I seem to recall a big discussion on this somewhere on the internet a few years ago. From what I recall, there was very little science at all to back up the theory that you catch the common cold from getting a chill. At least to me, there doesn't seem to be a logical connection between the two.
The best reason I can think of is, when it is cold, everyone tends to spend more time indoors with the doors closed, giving a virus much more opportunity to spread amongst people. Another theory had something to do with nasal linings drying up (?) in the winter, making one more susceptible to infection.
If the chill --> catching cold theory was correct, wouldn't it seem likely that when you get really cold, as in shivering your ass off uncontrollably, wouldn't you be extremely likely to catch a cold? And I know anecdotally that that simply isn't true.
Is there even a reasonably logical physiological theory to backup the chill --> catch a cold theory, or is it simply an old wives tale?
But it does seem reasonable that someone living the broadly healthy lifestyle of a person who gets a good amount of exercise would also find themselves less susceptible to colds etc...
I can verify this as I was the super sickly kid at high school. When winter arrived, so did the illness period for me. Then I started practising some martial arts in university and my immune system got pretty strong. Hardly had any critical illnesses since then.
When I have a cold (sneezing, coughing), I go running anyway (like I do almost every day) and I feel much better for the rest of the day; most of the symptoms disappear, even when running in winter :)

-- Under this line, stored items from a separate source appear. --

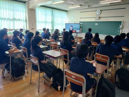 生徒会朝礼はリモートで行っています。すっかりこの形が定着しました。
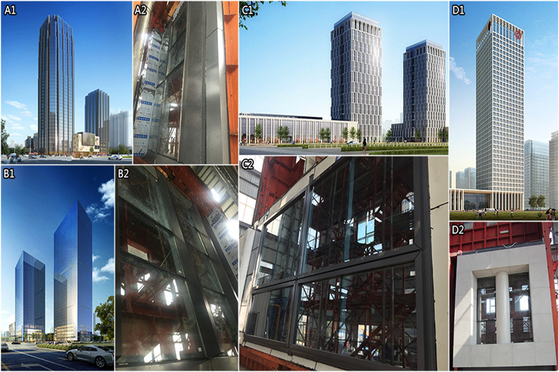 自 2015 年成立以來,門窗幕墻所一貫秉持質量優先,服務社會的理念,創造了良好的社會效益與經濟效益。依托建筑門窗節能物理實驗室現有設備與技術儲備,所內業務不斷擴大。目前,門窗幕墻節能檢測研究所可承接建筑門窗幕墻物理性能檢測(圖 2A、C)、節能檢測(圖 2D)、建筑幕墻配件、輔材檢測、建筑玻璃檢測、既有門窗幕墻安全檢測鑒定、建筑整體氣密性檢測等。幕墻所勇于拼搏,挑戰自我,承接了一系列難度高、工期緊、體量大的門窗幕墻檢測與安全鑒定工作項目(圖3、圖4)。
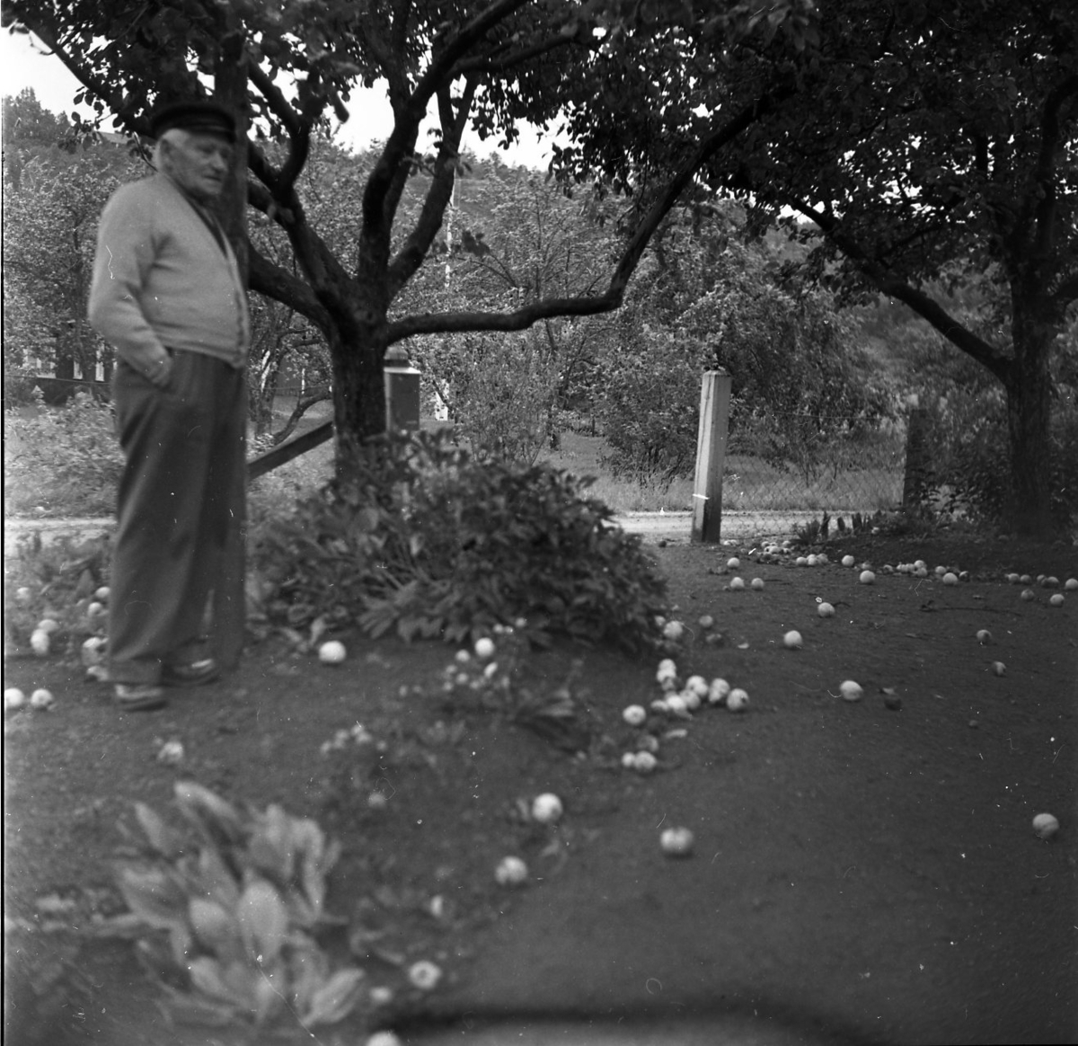 Ernst Stark med keps och ljus cardigan står i sin trädgård i Röttle. Det ligger mycket fallfrukt på gräsmattan.
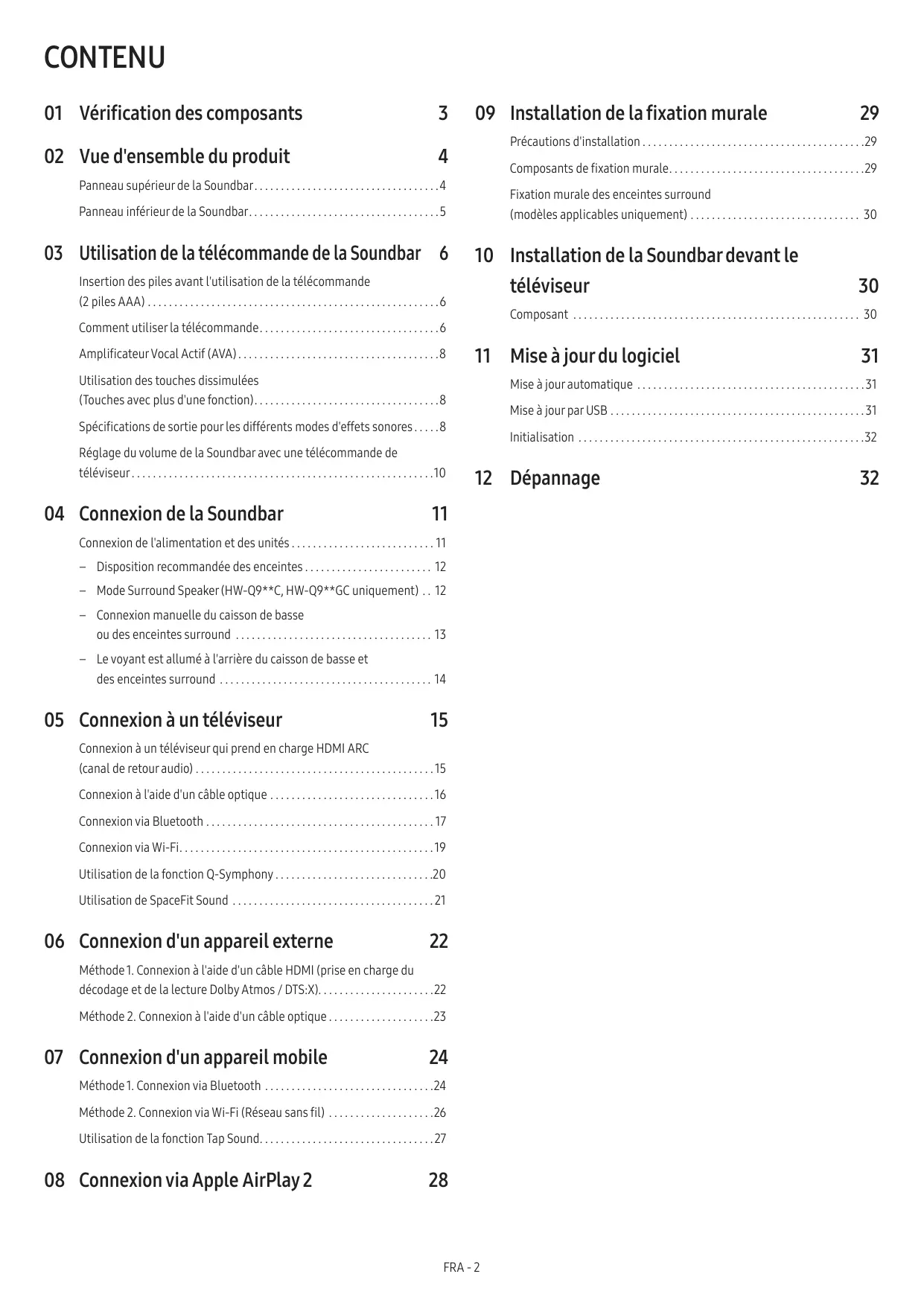 Connexion à un téléviseur qui prend en charge HDMI ARC (canal de retour audio). . . . . . . . . . . . . . . . . . . . . . . . . . . . . . . . . . . . . . . . . . . . . 15 Connexion à l'aide d'un câble optique . . . . . . . . . . . . . . . . . . . . . . . . . . . . . . . 16 Connexion via Bluetooth. . . . . . . . . . . . . . . . . . . . . . . . . . . . . . . . . . . . . . . . . . . .17 Connexion via Wi-Fi . . . . . . . . . . . . . . . . . . . . . . . . . . . . . . . . . . . . . . . . . . . . . . . 19 Utilisation de la fonction Q-Symphony . . . . . . . . . . . . . . . . . . . . . . . . . . . . . .20 Utilisation de SpaceFit Sound . . . . . . . . . . . . . . . . . . . . . . . . . . . . . . . . . . . . . . 21
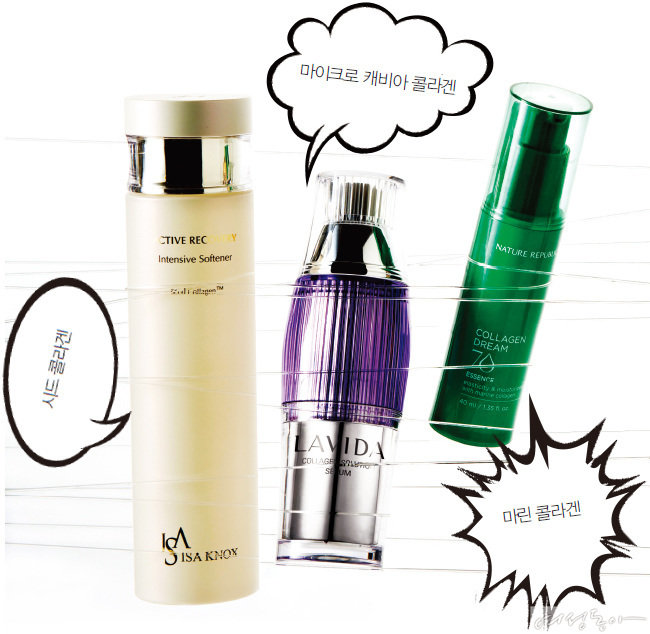 전문가들은 피부 탄력을 떨어뜨리고 굵은 주름을 만드는 가장 핵심적인 요인으로 콜라겐 파괴를 꼽는다. 콜라겐은 피부 진피 성분의 70%를 차지하면서 피부 강도와 탄력성을 좌우하기 때문. 피부 속 콜라겐이 파괴되는 것을 막을 수는 없지만 충전은 가능하다. 화장이 쉽게 뜨고, 트러블이 자주 생기거나, 피부 건조를 느낀다면 콜라겐이 부족하다는 신호. 식품이나 분말, 액상 형태로 판매되고 있는 먹는 콜라겐은 물론 피부에 직접 바르는 콜라겐 화장품 등 다양한 형태의 콜라겐이 있으니 어떤 종류로라도 보충하는 것이 좋다. 특히 요즘 출시되는 콜라겐 화장품은 시드 콜라겐, 베이비 콜라겐, 캐비아 콜라겐, 발효 콜라겐 등 특성이 세분화되어 있어, 피부 타입이나 취향에 따라 골라 쓸 수 있는 선택의 폭이 넓다.
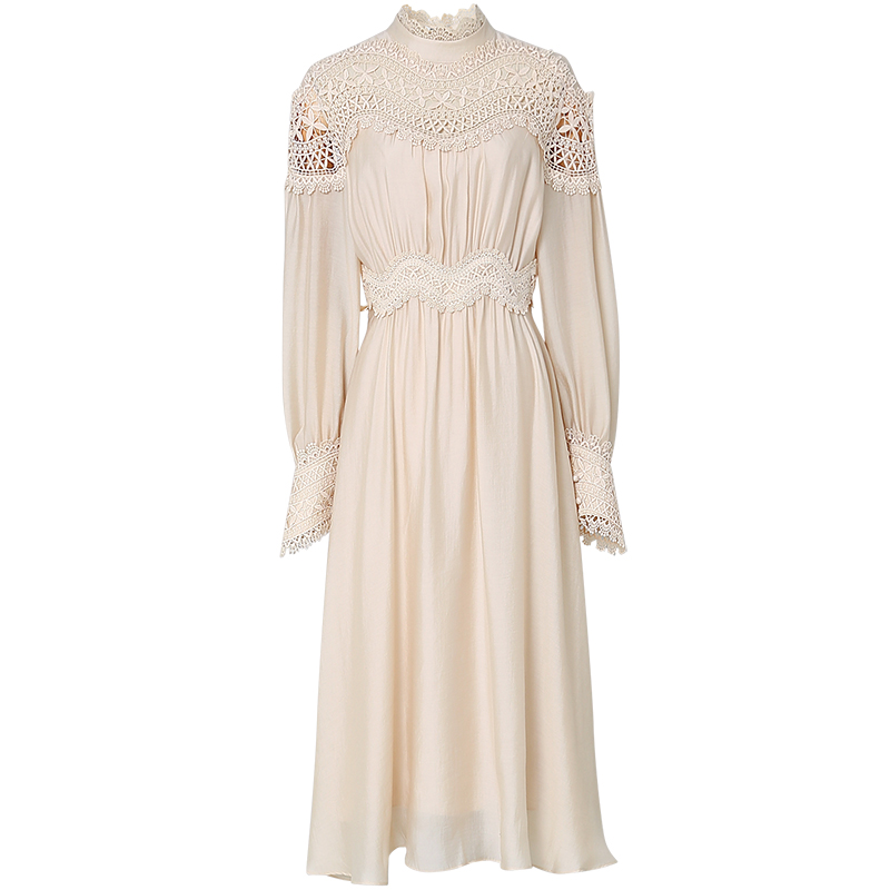 收腰白色法式 MAMC拼接格纹灯笼袖 长袖 新款 裙子 抹胸连衣裙2025秋季
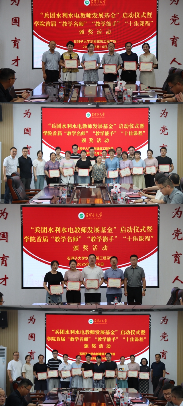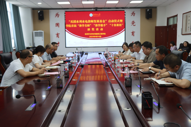 6月16日,yl23455永利“兵团水利水电教师发展基金”启动仪式暨首届“教学名师”“教学能手”“十佳课程”表彰会成功举行。兵团水利水电工程集团有限公司副总经理吴卫东、组织人力资源部副部长丁雅鸿、质量技术中心副主任刘宏峰,公司党委书记袁康、经理李俊峰、副书记娄哲、副经理陈伏龙、副经理金瑾及获奖教师代表出席大会。
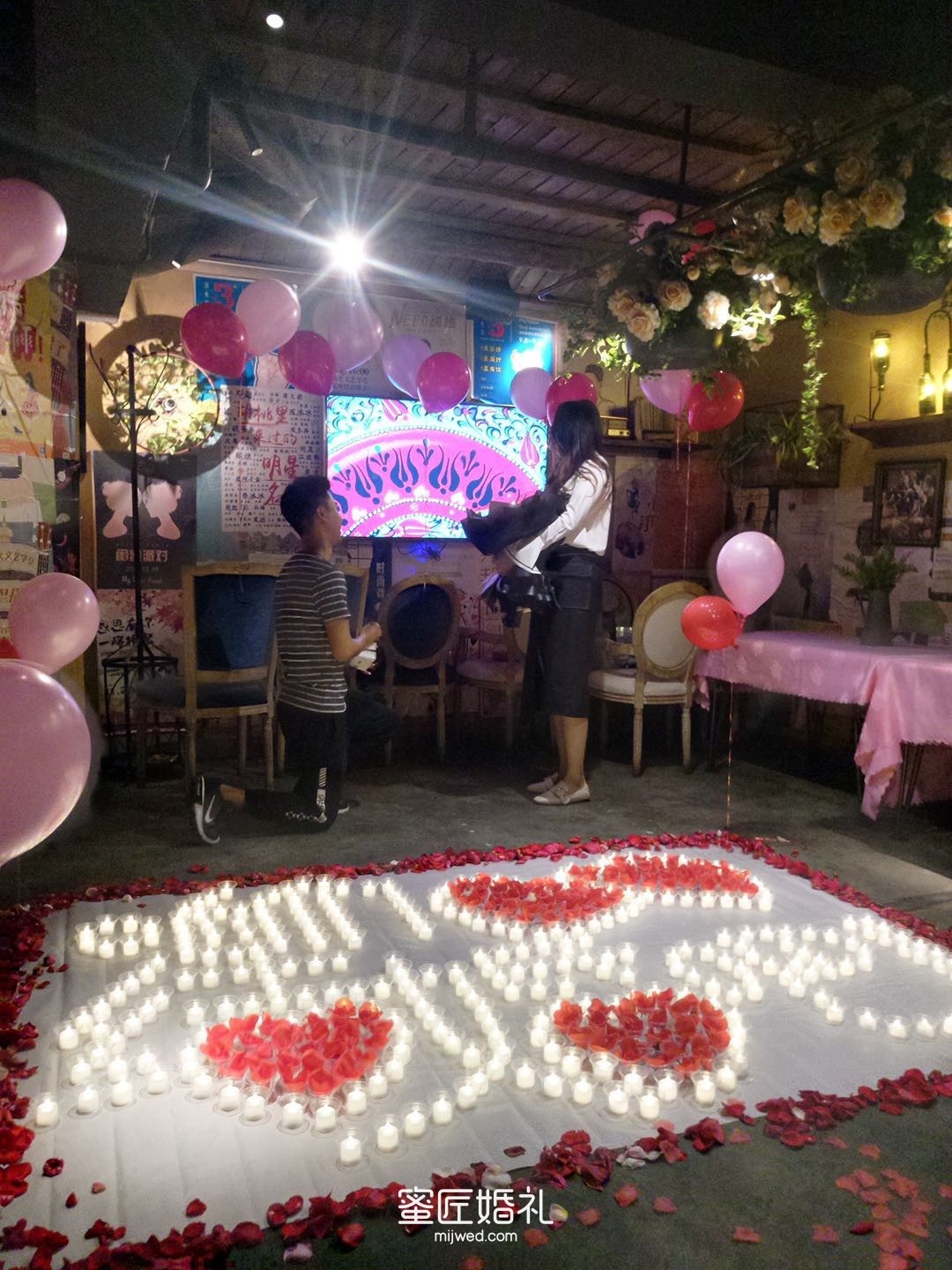后来进门后,我就觉得太不对劲了,一堆人站在二楼,然后就看到我老公抱着花在等我,当时就懵了,完全没想到会是给我求婚。但有一点我现在都耿耿于怀,就是这个直男求婚竟然也不穿的正式一点!

Cleaning your hands when you get back home after having been outdoors - a very basic hygiene measure - does a WHOLE LOT more, I would say. Interestingly, in contrast to the article, the direct effect of a session of physical activity is a short suppression of the immuno system that leaves you temporarily more sensitive to the rhinovirus, should you be carrying it at the time.
I climb rocks, and a few times I've had days where, for no reason I could explain, I have performed far above my normal abilities (1). Big days, where I've sent routes that were way above my head. Routes that I couldn't pull individual moves on when I came back to them a week later.
Then the next day I would be clobbered by a cold so violent that I'd be bedridden for an entire day.
I chalk it up to the body knowing that a cold is on the way and storing up all the immunities, defences, and reserve energy that it will need to fight it. If you time it right, you can steal all that stuff and channel it into one day of hard climbing. Of course then when the cold does come, the body has nothing to fight it with so you get crushed.
Considering how good it feels to be that on form, even just for a single session, I think it's actually worth it.
(1) If you climb, you'll know that it's a very measurable sport. If you can boulder a certain grade, you can get on a given problem and have a reasonable expectation of being able to work it out. Or alternatively, you can know for a fact that you could train on this one particular problem for an entire year and never top out. So when you're having a day like the one I describe above, it's the equivalent of showing up at the gym one day and finding you can suddenly bench press 50 pounds more than yesterday.